All wounds should be extensively irrigated and the patient’s tetanus status updated if necessary. Provide appropriate pain management before exploration, irrigation, or debridement of the wounds. All human bite wounds that pierce the skin should receive amoxicillin-clavulanate prophylaxis for a week, and the patient is given strict wound care precautions. The patient's TDaP status should be updated if necessary. Any laceration to the MCP-joint is a closed-fist injury until proven otherwise. If signs or symptoms of infection in a joint space or tendon sheath are present orthopedics should be consulted for evaluation for surgical washout and inpatient treatment with IV antibiotics. Repair of lacerations from human bites should follow the same principles as that of other bites and in most cases should be left to heal by secondary intention to prevent providing a more hospitable environment for bacteria to reproduce. 
The transmission of HIV through bite wounds is concerning though exceedingly rare. HIV prophylaxis is only indicated if the wound is percutaneous and the mouth was contaminated with blood. Otherwise, the side effect profile of prophylaxis is more dangerous than the risk of transmission. A thorough discussion with the patient about the risks and benefits is warranted and should be documented with the appropriate outpatient follow up recommended/referred. For medical professionals, there has been no reported transmission of HIV from any occupational exposure.
Herpetic whitlow is caused by transmission of the herpes virus to the finger and appears as painful grouped vesicles on an erythematous base. It is most typically from a child sticking fingers into adults’ mouths and should be considered whenever a child presents with lesions on the distal fingers.
There is no post-exposure prophylaxis for Hepatitis C exposure, simply monitoring for signs of infection with outpatient follow-up. Hepatitis B exposure requires immune globulin only if the person bitten by an infected individual has never been immunized or is a known non-responder to the vaccine. Anyone who has never had their response to the vaccine measured and is exposed should be tested for the anti-HBs response and treated if negative.
Human bites can be very serious and are best managed by an interprofessional team of healthcare professionals. Loss of function and cosmetic deformity are very common complications. All patients should understand the signs of an infection following a human bite and when to seek treatment. Patients need to understand that long-term follow-up is necessary to prevent loss of function of the hand or fingers. In addition, the pharmacist should emphasize the importance of antibiotic compliance.

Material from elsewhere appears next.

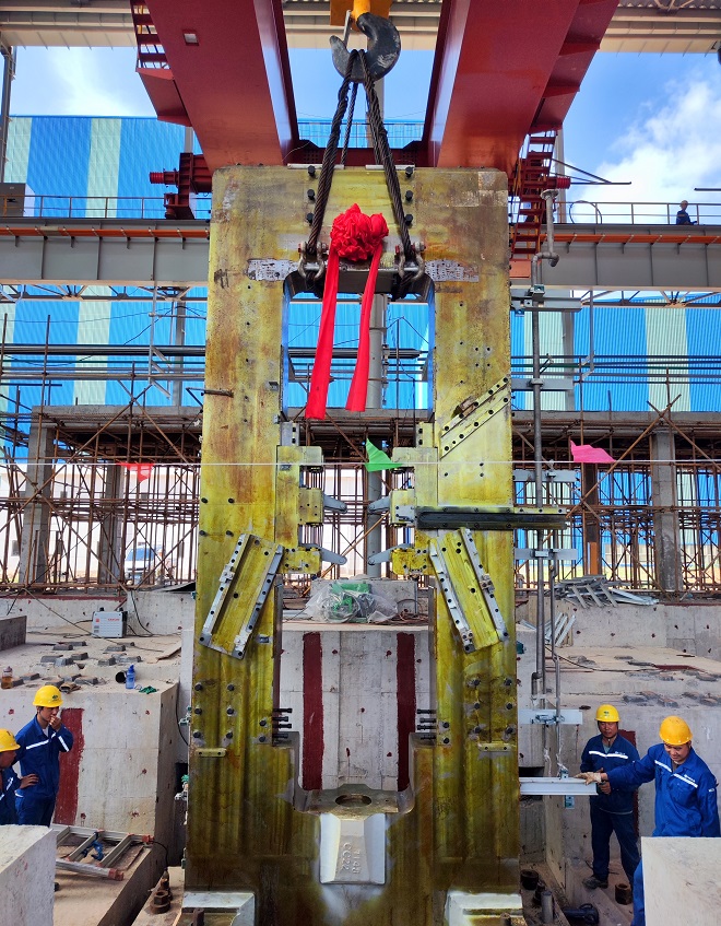 本次吊裝的平整機牌坊單片重量達42噸,長2.63米,寬0.5米,高6.56米。為確保吊裝順利進行,項目部提前策劃、精心組織,迅速完成了平整機底座墊板組加工、土建基礎復測、預制座漿墩制作、底座調整及驗收等工作,為7月25日的平整機牌坊首吊奠定了堅實基礎。吊裝當天,項目部采用45噸橋式起重機進行作業,牌坊設備在起重機的牽引下圓滿吊裝就位。

Finally, all patients must be told that they may require a plastic surgery procedure later to improve function or cosmesis. Nurses can perform an initial evaluation and chart treatment progress, as well as answering patient questions, and reporting any concerns to the treating clinician.
Patients who seek immediate care after a human bite have excellent outcomes. However, patients who delay treatment tend to have adverse outcomes. In most cases, a florid infection develops which can involve the entire hand. In delayed cases, not only is there is a significant cosmetic deformity, but there is also a functional loss of the hand and fingers. Human bites on the nose, ear, or tips of the finger are difficult to cure and often require extensive plastic surgery. Scarring is another major complication of a human bite.